■ Given data
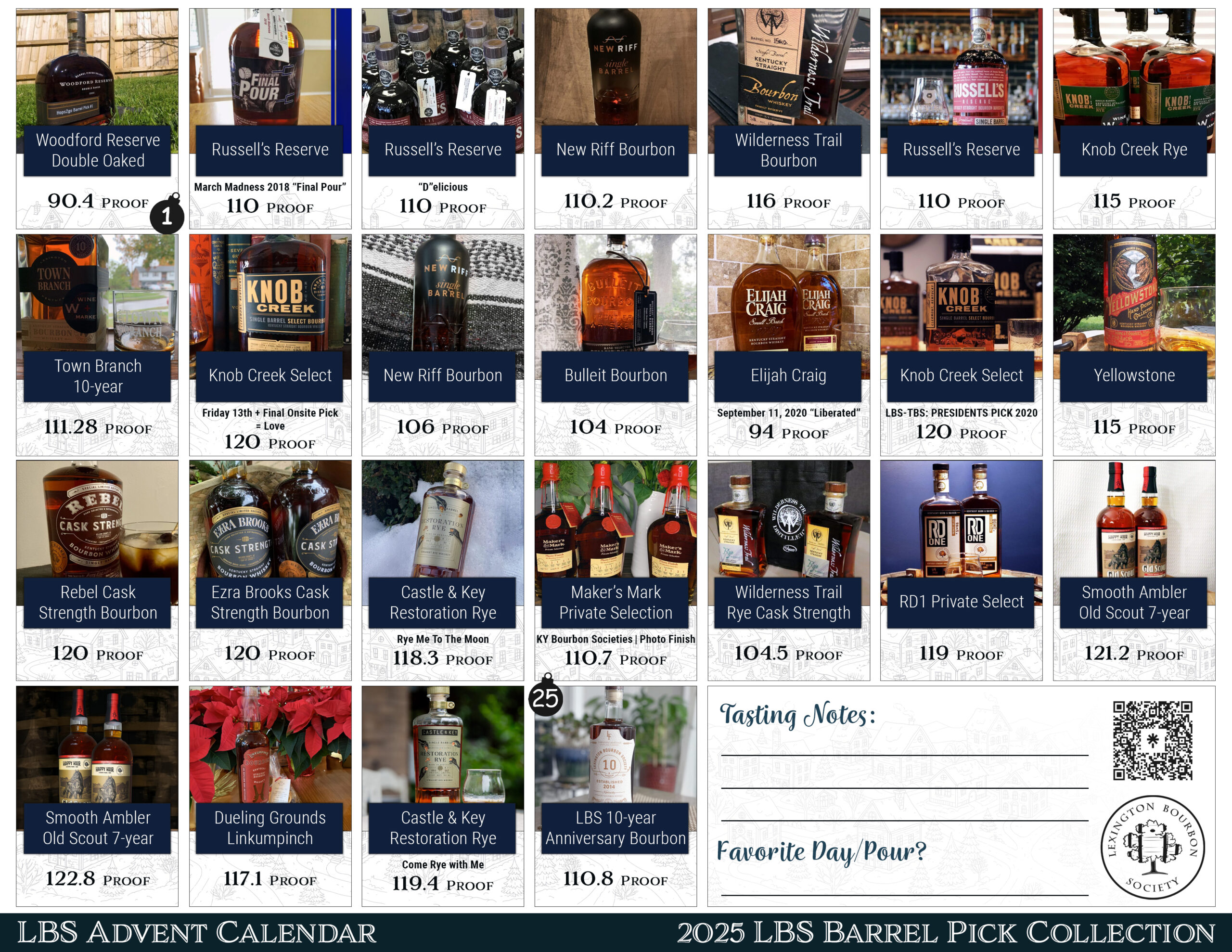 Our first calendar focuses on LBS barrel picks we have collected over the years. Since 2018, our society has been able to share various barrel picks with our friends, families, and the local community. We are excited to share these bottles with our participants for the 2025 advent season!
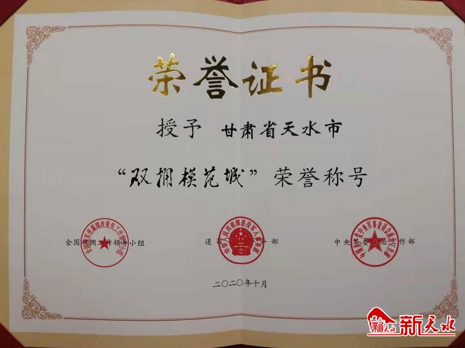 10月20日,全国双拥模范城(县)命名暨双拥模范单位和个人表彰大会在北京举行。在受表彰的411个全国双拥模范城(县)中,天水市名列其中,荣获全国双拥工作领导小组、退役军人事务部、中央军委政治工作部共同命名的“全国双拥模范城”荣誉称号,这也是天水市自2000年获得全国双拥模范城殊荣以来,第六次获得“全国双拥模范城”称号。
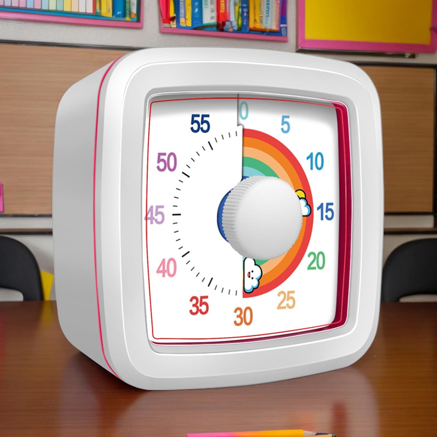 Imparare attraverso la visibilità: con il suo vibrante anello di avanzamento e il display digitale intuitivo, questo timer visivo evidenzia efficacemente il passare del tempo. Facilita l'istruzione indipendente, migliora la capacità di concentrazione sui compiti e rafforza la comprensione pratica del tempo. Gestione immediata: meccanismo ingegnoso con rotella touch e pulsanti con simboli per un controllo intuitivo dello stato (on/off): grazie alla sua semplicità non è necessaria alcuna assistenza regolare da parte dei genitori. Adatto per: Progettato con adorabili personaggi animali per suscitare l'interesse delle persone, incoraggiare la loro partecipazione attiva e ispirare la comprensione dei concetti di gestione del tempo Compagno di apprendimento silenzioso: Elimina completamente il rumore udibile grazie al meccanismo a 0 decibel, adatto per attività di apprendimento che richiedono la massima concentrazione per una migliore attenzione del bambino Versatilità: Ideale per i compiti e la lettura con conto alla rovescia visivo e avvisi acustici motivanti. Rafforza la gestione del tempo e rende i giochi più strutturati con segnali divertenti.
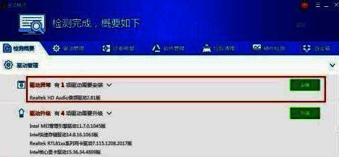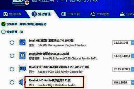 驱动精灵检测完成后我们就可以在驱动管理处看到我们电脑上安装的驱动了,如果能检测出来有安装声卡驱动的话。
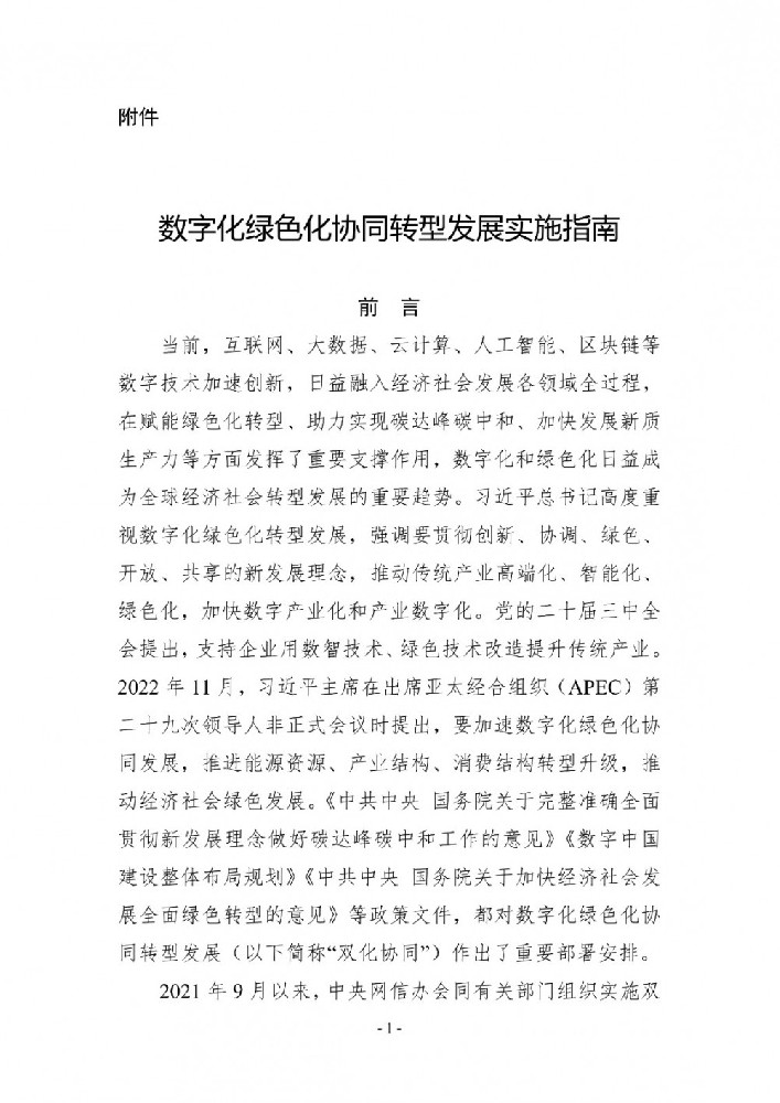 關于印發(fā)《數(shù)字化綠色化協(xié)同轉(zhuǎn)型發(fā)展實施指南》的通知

■ What the task asks
After removing the pictures, repeat the remaining records exactly.

■ Answer section
 Our first calendar focuses on LBS barrel picks we have collected over the years. Since 2018, our society has been able to share various barrel picks with our friends, families, and the local community. We are excited to share these bottles with our participants for the 2025 advent season!
 10月20日,全国双拥模范城(县)命名暨双拥模范单位和个人表彰大会在北京举行。在受表彰的411个全国双拥模范城(县)中,天水市名列其中,荣获全国双拥工作领导小组、退役军人事务部、中央军委政治工作部共同命名的“全国双拥模范城”荣誉称号,这也是天水市自2000年获得全国双拥模范城殊荣以来,第六次获得“全国双拥模范城”称号。
 Imparare attraverso la visibilità: con il suo vibrante anello di avanzamento e il display digitale intuitivo, questo timer visivo evidenzia efficacemente il passare del tempo. Facilita l'istruzione indipendente, migliora la capacità di concentrazione sui compiti e rafforza la comprensione pratica del tempo. Gestione immediata: meccanismo ingegnoso con rotella touch e pulsanti con simboli per un controllo intuitivo dello stato (on/off): grazie alla sua semplicità non è necessaria alcuna assistenza regolare da parte dei genitori. Adatto per: Progettato con adorabili personaggi animali per suscitare l'interesse delle persone, incoraggiare la loro partecipazione attiva e ispirare la comprensione dei concetti di gestione del tempo Compagno di apprendimento silenzioso: Elimina completamente il rumore udibile grazie al meccanismo a 0 decibel, adatto per attività di apprendimento che richiedono la massima concentrazione per una migliore attenzione del bambino Versatilità: Ideale per i compiti e la lettura con conto alla rovescia visivo e avvisi acustici motivanti. Rafforza la gestione del tempo e rende i giochi più strutturati con segnali divertenti.
 驱动精灵检测完成后我们就可以在驱动管理处看到我们电脑上安装的驱动了,如果能检测出来有安装声卡驱动的话。
 關于印發(fā)《數(shù)字化綠色化協(xié)同轉(zhuǎn)型發(fā)展實施指南》的通知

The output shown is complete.